Les enjeux soulevés par cette campagne dépassent largement la simple utilisation de l’IA dans la création publicitaire. Cette affaire met en lumière la tension croissante entre innovation technologique et respect des droits d’auteur, questionnant les pratiques éthiques au sein de l’industrie créative.

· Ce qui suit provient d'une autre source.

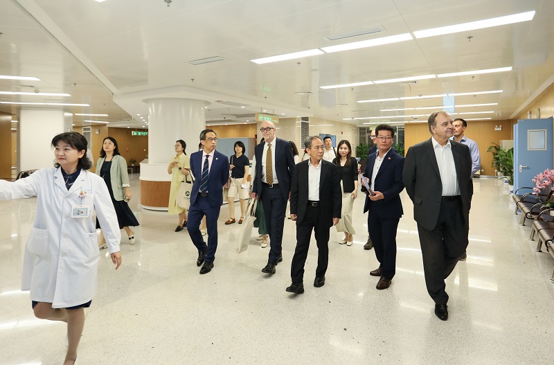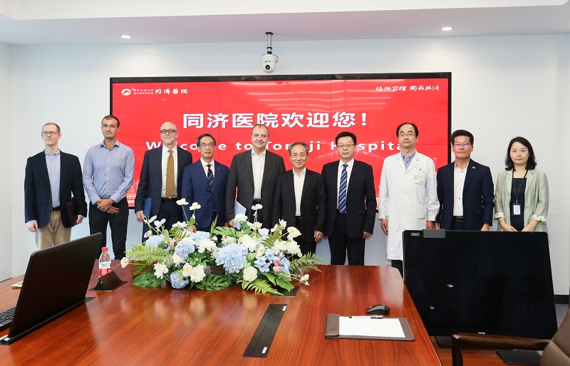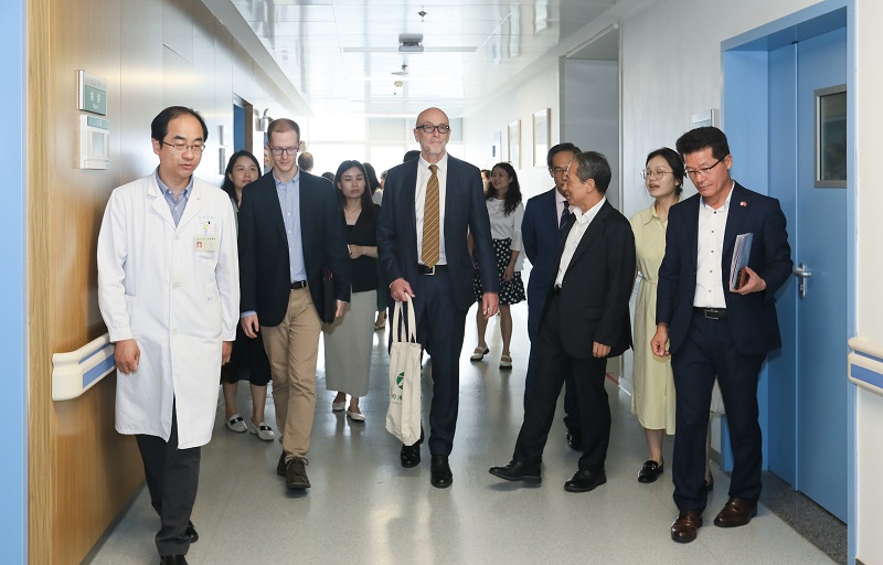 On June 16th 2023, accompanied by Mr. ZHU Xiaobin, deputy director of Foreign Affairs Office of Hubei Provincial People's Government, the delegation of Consulates General in Wuhan visited Tongji Hospital. The delegation consisted of Mr. Jean-Yves ROUX, Consul General of Consulate General of the Republic of France in Wuhan, Mr. HA SUNGJU, Consul General of the Consulate General of the Republic of Korea in Wuhan, Consul Martin Schwartz, the Administration Officer of the Consulate General of the United States of America in Wuhan and Consul Arvind Norris, the Commercial Consul of the Consulate General of the U.K. in Wuhan. Prof. TANG Jinhui, vice-President of Tongji Hospital, Ms. WANG Man, director of the International Exchanges Office, Prof. MI Tao, deputy director of the Integrated Medical Department, Ms. WANG Manting, deputy director of the International Medical Services Department attended the reception.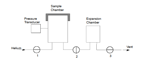 泡沫塑料又稱微孔塑料,是由聚合物構成的膜壁和由膜壁分割成的許多小孔組成。本篇文章中測量的硬質泡沫塑料是泡沫塑料的一種,它是指無柔韌性,壓縮硬度大,應力達到一定值能產生形變,解除應力后不能恢復原狀的泡沫塑料。人們通常利用硬質泡沫塑料的隔熱性和力學特性將其用作熱絕緣材料和隔音材料,管道和容器等的保溫材料,漂浮材料及減震包裝材料等。硬質泡沫塑料中包含很多封閉的、獨立的、開放的和連通的孔,不同的孔結構會影響其產品性能。而硬質泡沫塑料的開孔率作為其絕緣質量的指標,是產品生產和評估過程中非常重要的一個需要控制的變量。因此,一個簡便易行且精確的開閉孔率測試方法,對于發泡工藝研究及產品質量控制都有實際意義。在ASTM D2856中提供了空氣比重法測定開孔率的步驟,但是在此標準中所使用的設備已經不再生產。目前,通過美國麥克儀器公司AccuPyc系列真密度儀(圖1)可以精確的測定硬質泡沫塑料的開閉孔率。本文詳述了如何使用AccuPyc系列儀器進行開孔率測試,并對每一個詳細步驟和計算過程都進行了詳細的說明。美國麥克公司的Accupyc儀器基于理想氣體狀態方程,采用氣體置換法,測量硬質泡沫的開閉孔率,符合GBT10799和ASTM D2856標準。Accupyc測試硬質泡沫塑料的開孔率方法,操作簡便,結果準確,測試樣品用量少。僅需要從待測材料中切下兩個邊長為2.5 cm的正方體,接著測定樣品的體積,此時一些閉孔由于切割而變成開孔,必須對其進行校正,求出校正后的開孔體積,才能如實表征樣品的泡孔結構并正確評價產品性能。因此,需要在測試樣品上進行第二次等面積切割,并再次測定體積,完成由閉孔變成的開孔體積的校正計算。圖2為Accupyc的設備示意圖。AccuPyc II采用氣體置換法原理,利用He作為氣體介質,置換材料空隙及孔隙中的空氣,獲得材料的實際體積數據。如圖所示,樣品在樣品倉中形成密封環境,打開1閥,氣體進入樣品倉,達到一定壓力后,閥門關閉,待樣品與氣體達到平衡后,壓力傳感器讀取此時壓力P1。之后2閥打開,氣體則會從樣品倉擴散進入擴展倉,待兩個倉內的氣體和樣品達到平衡后,壓力傳感器讀取此時壓力P2。之后基于理想氣體狀態方程PV=nRT,換算出材料的真實體積V,V進一步用于開孔率的計算。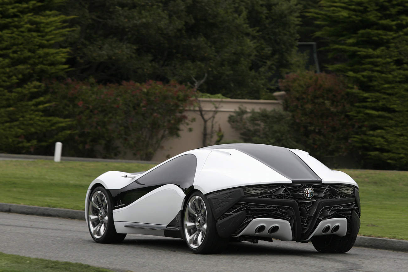 Podstatné jsou tvary. Mezi uhlazenými sněhově bílými fragmenty karoserie je vidno zběsilé tvary šelmy uvnitř. Přední světla číhají v temné škvíře v přídi vozu jak oči šelmy, zadní světla žhnou ze změti zdánlivě nikde neukotvených tvarů. Celé to působí velmi organicky a dynamicky. Tento dojem ještě umocňuje boční prosklení táhnoucí se od blatníku k blatníku. Všechno nejlepší Alfo!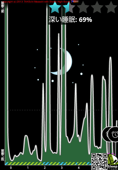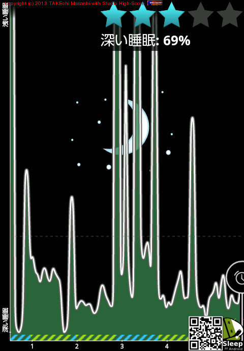04/08 23:38 → 04/09 6:19 (6:41) 深い睡眠: 69% (2時〜3時あたり起きてた)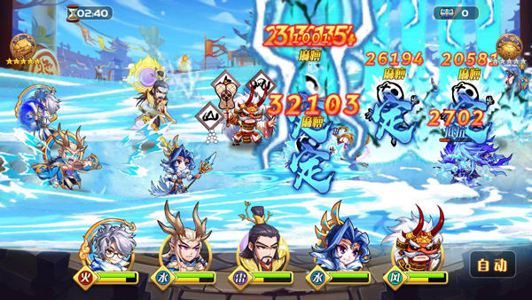游戏核心为卡牌收集、养成与自动战斗。玩家通过招募获取诸如Q版关羽、孙悟空等历史与神话英雄,并通过升级、进阶、装备和宝石系统强化队伍。战斗全程自动,策略重心在于战前的阵容搭配、站位安排以及英雄技能的Combo联动。丰富的PVE副本、PVP竞技场和公会合作玩法提供了多元化的挑战目标。
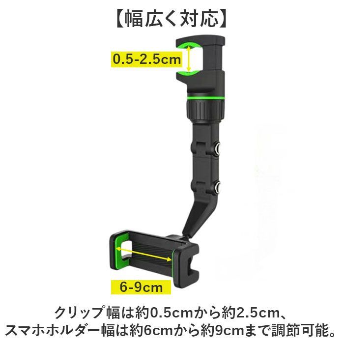クリップ幅は約0.5cmから約2.5cm、スマホホルダー幅は約6cmから約9cmまで調節可能。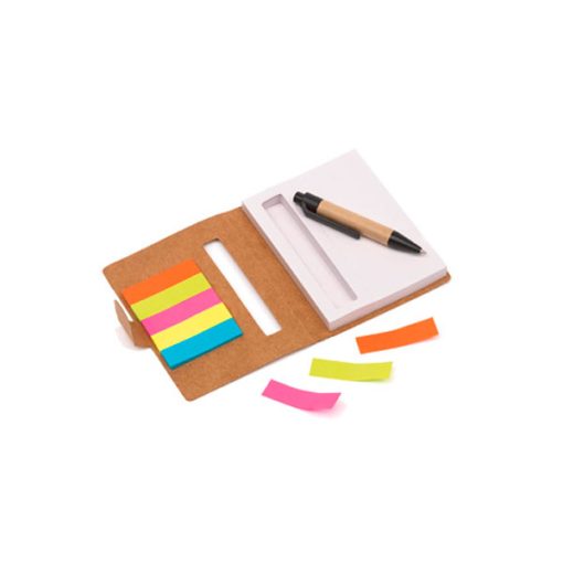 10,5 x 7,8 x 1,1 cm Cartón. Material reciclado. 80 hojas lisas blancas. 5 block autoadhesivos rectangulares de diferentes colores. 1 bolígrafo de tinta negra.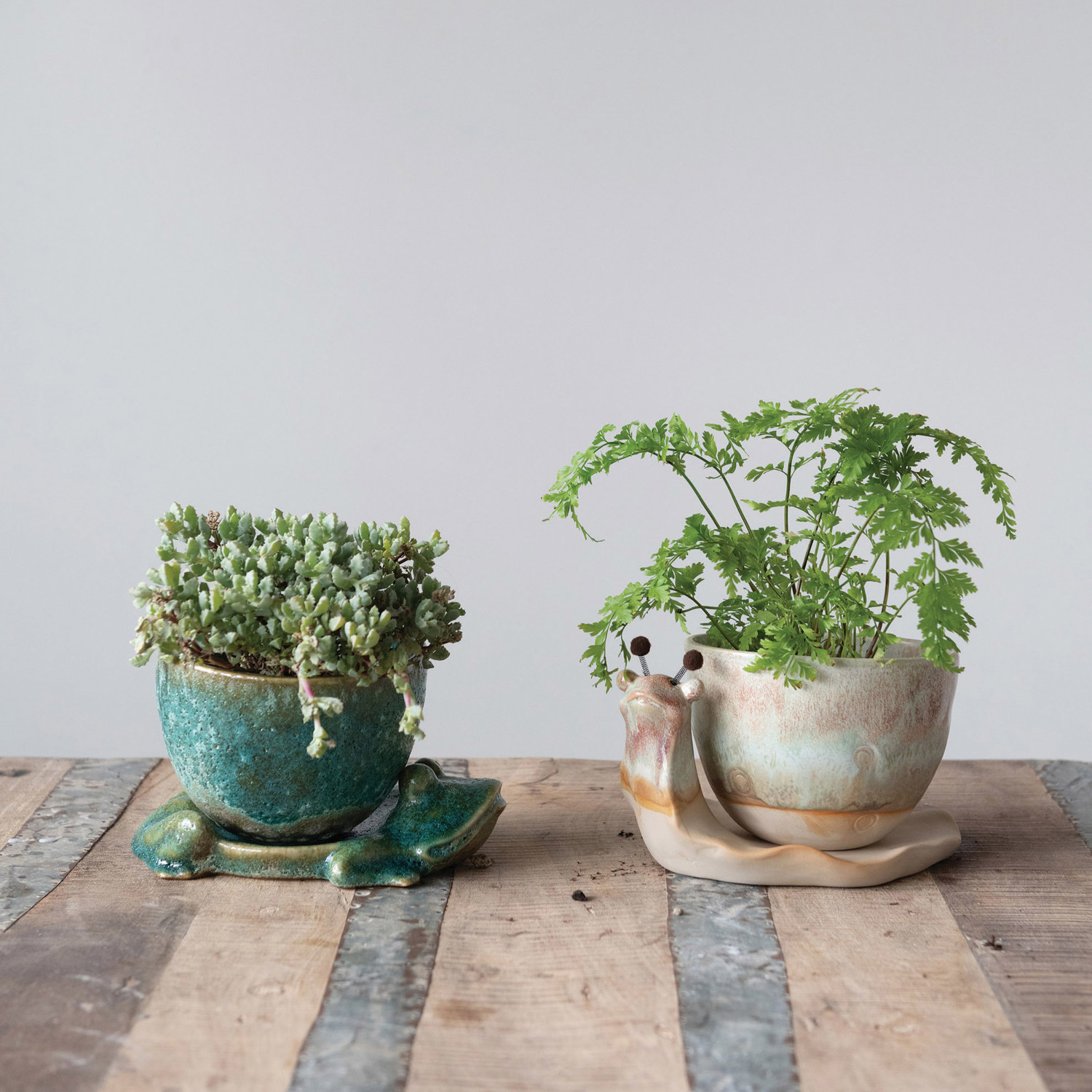This whimsical stoneware planter with snail base has an earthy neutral reactive glaze finish and comes as a set of two. The pot has a drainage hole and is sized to hold a 4-inch pot of succulents, herbs, or flowers. The snail body acts as a saucer that catches the excess water and protects surface tops from water stains. The planter has a reactive glaze finish that gives it a natural l look. Beautifully detailed stonework and a unique design make this container an eye-catching piece in any home or business. Group the planter in a collection of complementary pieces or place it as a stand-alone accent. It can be placed in any garden, patio, or indoor space, and create a cute and cheerful sight. This stoneware snail planter with saucer is a versatile and attractive piece that can fit any style of home. Each will vary slightly.

Alors que l’IA s’affirme comme un outil de production incontournable, capable de réduire les coûts et les délais, elle soulève également des interrogations sur la rémunération et la reconnaissance des créateurs originaux. L’incident incite à une réflexion plus large sur la nécessité d’adapter les cadres juridiques et contractuels pour équilibrer efficacement innovation et équité. La capacité de l’industrie à évoluer tout en préservant l’intégrité et les droits des créateurs pourrait définir le futur du paysage publicitaire et créatif, marqué par une collaboration (enfin ?) harmonieuse entre l’homme et la machine.